Внимание! Книга может содержать контент только для совершеннолетних. Для несовершеннолетних чтение данного контента СТРОГО ЗАПРЕЩЕНО! Если в книге присутствует наличие пропаганды ЛГБТ и другого, запрещенного контента - просьба написать на почту [email protected] для удаления материала
КУБ
Когда мне было лет семь, мы жили в Одессе. Вместе с нами жила мамина знакомая, девушка лет двадцати, которую все звали попросту Маша. И я вслед за взрослыми тоже называл её Маша.

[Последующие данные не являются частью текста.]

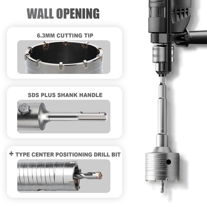- Package includes:2-1/8 inch / 54mm Concrete Hole Saw + 220mm SDS Plus Shank Connecting Rod +2 center drill bits + 2 screws +3 plastic dust bags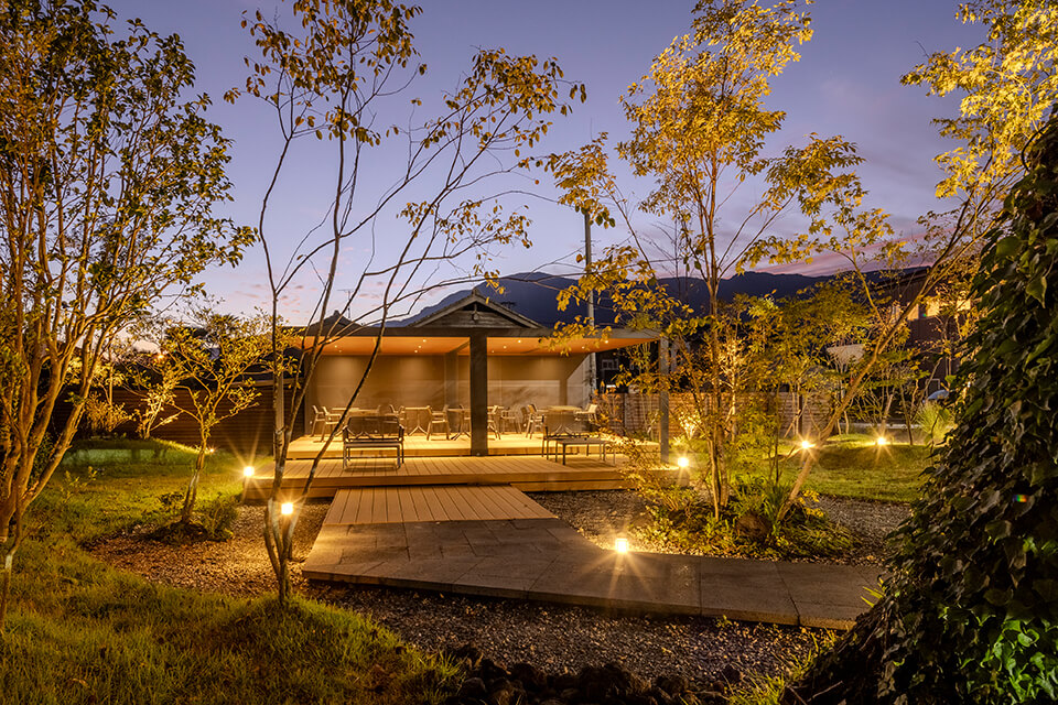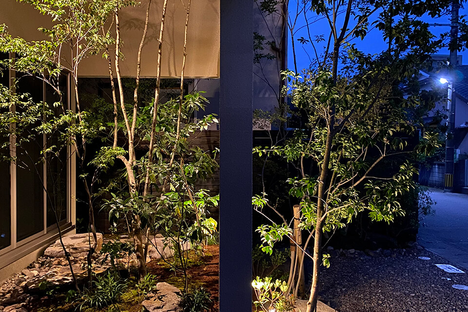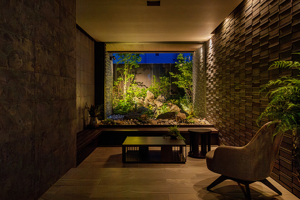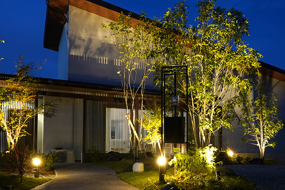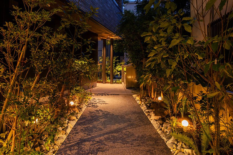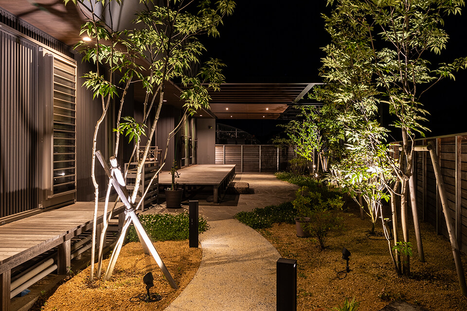 水面に映る光や壁面に投影された樹影が幻想的な美しさを生む庭空間。特に「ガーデンアップライトミオ」の照射方向が工夫されており、植栽や建築、水面に作用してそれぞれの魅力を引き立て、空間全体の価値を高めています。光によって自然の素材がより美しく際立ち、昼間とは違った癒しと安らぎをもたらす非日常感のある空間に。光と水と緑の調和・陰影のバランスが上品で、高級リゾートのような雰囲気に仕上がっています。

Она была маминой близкой знакомой, чуть ли не подругой, и жила у нас в доме на правах родственницы. Мама очень любила её, а я просто-напросто обожал. Мне всё нравилось в ней: тихий, спокойный голос, тонкие, всегда чуть-чуть холодные руки, коса, обвитая вокруг головы, зелёные задумчивые глаза… Если можно всерьёз говорить о любви семилетнего мальчика к двадцатилетней девушке, то я, пожалуй, назвал бы своё отношение к Маше чем-то вроде первой любви.

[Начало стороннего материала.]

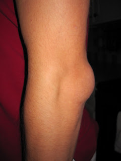 That's what a normal elbow is supposed to look like! I was horribly grossed out by the whole thing. He went to the doctor and they said it's just bursitis. Apparently he puts too much pressure on his elbow. Since none of you actually get to sleep with him, you might not know this, but he reads before he goes to bed. Usually, he puts all his weight on one elbow while he's reading. Sometimes he falls asleep like that and will lie there for hours! No wonder it's so messed up! It's doing much better already. Thank goodness for doctors.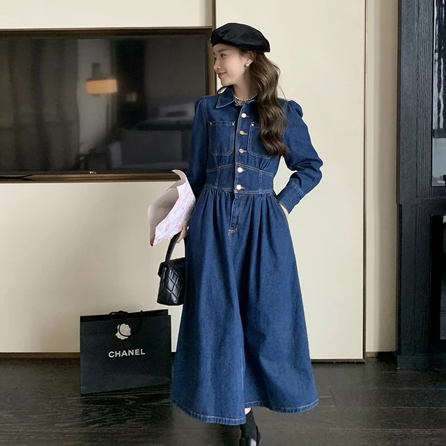 - الأزرق الداكن هو اللون الكلاسيكي لفستان الدنيم، ويناسب جميع المناسبات.
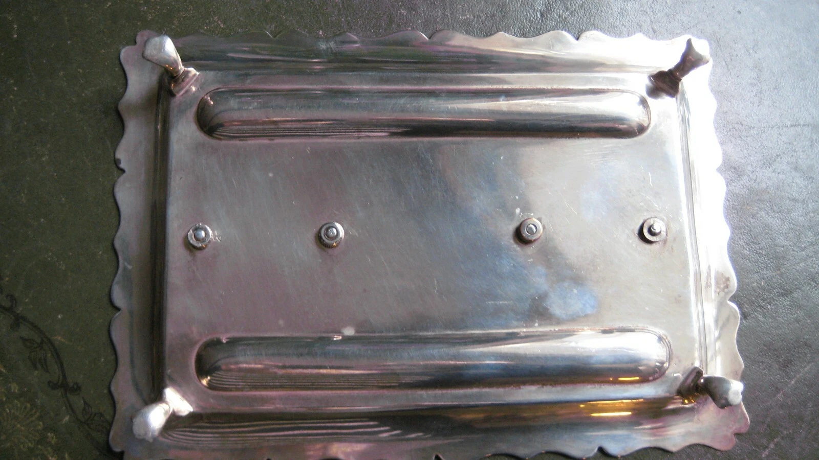 - Form and Border: The rectangular tray features a classic scalloped or “piecrust” border, a decorative edge that adds a sense of movement to the heavy silver.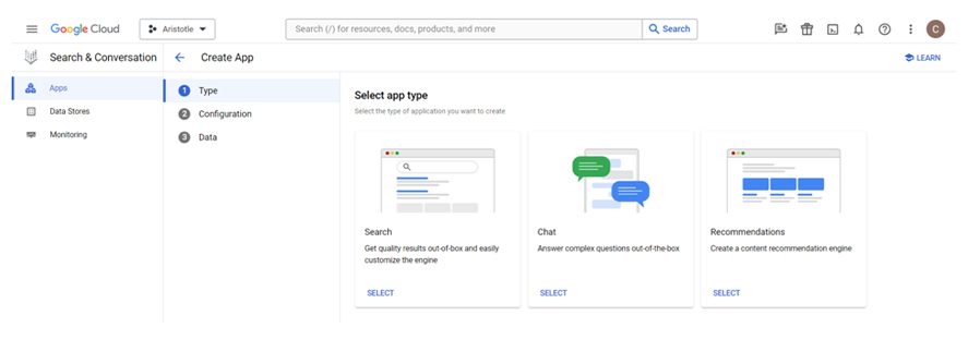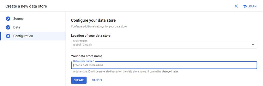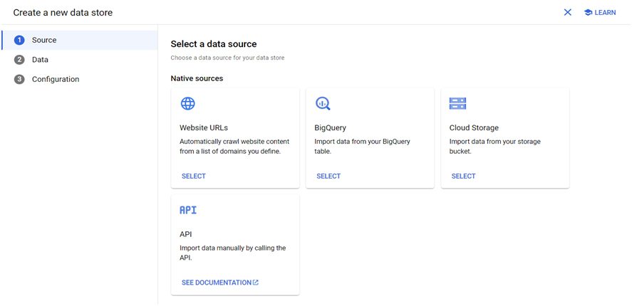 - 1. Define Data Source: Initiate this process by defining a data source in Vertex AI Search.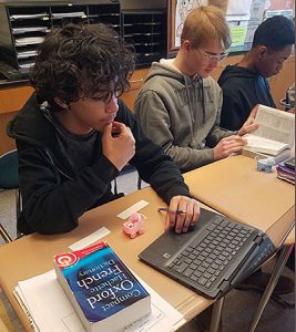 Using their dictionaries, the students translated the adoption papers to learn about the personalities of their snails, including their likes and dislikes. One student found out their snail’s favorite color is pink, for example, (Sa couleur préférée est rose). Another learned their snail enjoys jumping, dancing, swimming and knitting (Elle aime sauter, danser, nager et tricoter) and is afraid of owls, clocks and oysters (Elle a pour des hiboux, des horloges, et des huîtres).

Как только Маша уходила из дому, меня одолевала тоска. Я то сидел у окна, высматривая её, то ежеминутно подбегал к двери и всё скулил:
— Где Маша? Что случилось с Машей?
А когда она наконец возвращалась, я, словно преданная собачонка, кидался к ней:
— Почему вы так долго не приходили?
Она в ответ гладила меня прохладной рукой по стриженому затылку и говорила:
— Ну, полно, Яша, полно, давай мириться…
Однажды кто-то пришёл с новостью: в городе произошёл обвал. Мы с Машей, конечно, немедленно отправились смотреть обвал. День был солнечный. Мы сели в ярко-красный, новенький, беспрестанно звенящий трамвай и понеслись по нарядным одесским улицам к морю.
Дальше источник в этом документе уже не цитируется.